If there was one saree which never fails to remind us of our Bengali roots, is KAJOL Dwitiyo.
“Dwitiyo” in Bengali means Second.
Launched in a Dwitiyo version after our signature KAJOL, this saree is our ode to Bengal, and the eternal love affair that we share. This quintessential classic jamdani cotton saree in classic shades of light and deep indigo, is woven by weavers around West Bengal. The saree is in fine muslin, of the breezy variety, which is characteristic of Bengal handweaves.
The woven jamdani motifs of the saree is inspired from archival motifs used in old jamdani sarees of yesteryears. The saree has a contrast ganga-jamuna border in silver and gold zari.
No Blouse piece.
Designer speak :
Every since I remember, I have seen Ma wearing the most choicest of weaves, the simple Tangail or the jamdani in the softest of muslin cottons . She has worn sarees all her life, and Im so glad she has. This saree reminds me of her and of Durga Puja : the simple days gone by where Pujo and festivities in Bengal meant ‘Laal Paar’ or ‘Gorod’ or simply starched white and red taant. This is our ode.
What is a Jamdani ?
The word “Jamdani” is of Persian origin coming from the word “jam” meaning flower and “dani” meaning vase. ( It is a prime example of a handweave and there are multiple meanings of the word, but the name itself is suggestive of the beautiful motifs on the sarees that are handwoven.) Originally, jamdani sarees were woven in Bangladesh, Dhaka, and hence the name “Dhakai Jamdani” . After partition of Bengal into East and West Bengal, a cluster of weavers migrated across the border to West Bengal and settled here. These are the weavers, who weave our Jamdanis.

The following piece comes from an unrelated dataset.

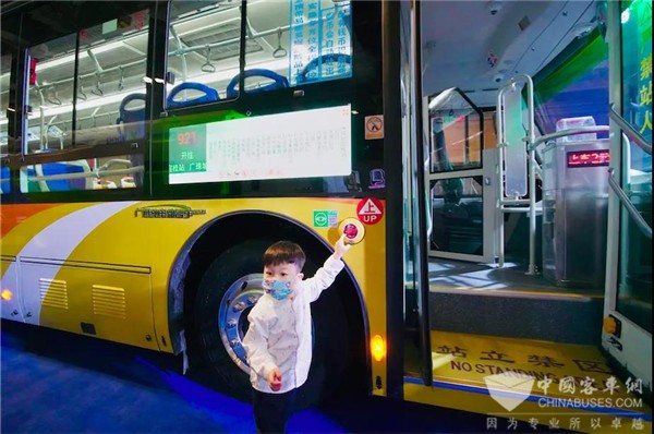 来自澳门的市民张先生带着孩子来看展,忍不住登车亲身感受,“这么时尚的公交车,我第一次看到,真期待在澳门可以坐到!”

A jamdani weave is a prime example of the power of hand weaving, since the entire process of weaving the motifs is extremely time consuming and done completely by hand.

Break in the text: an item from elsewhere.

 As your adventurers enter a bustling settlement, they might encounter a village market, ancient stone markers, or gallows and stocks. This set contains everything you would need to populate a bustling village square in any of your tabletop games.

A jamdani weave is characterized by its motifs. We at ‘Paromita Banerjee’ work on both graphic and floral jamdanis. The motifs are woven by a thicker yarn, called the extra supplementary weft which is woven one line at a time, to make the motif, along with the standard weft technique of weaving the base of the fabric . The base is usually of a sheer yarn than the motifs which is opaque on its surface. As such, this creates a certain light and shadow effect. In a good jamdani, the motifs on the back of the fabric will be of the same neatness as the front, which speaks volumes for the skill of the weaver and the tenacity with which he weaves every single piece. There are times when a single saree might take over 8-15 days to weave.
There are some things that cannot be replicated by a machine. Jamdani weave, is one of them. Such is the power of the handmade. A timeless luxury.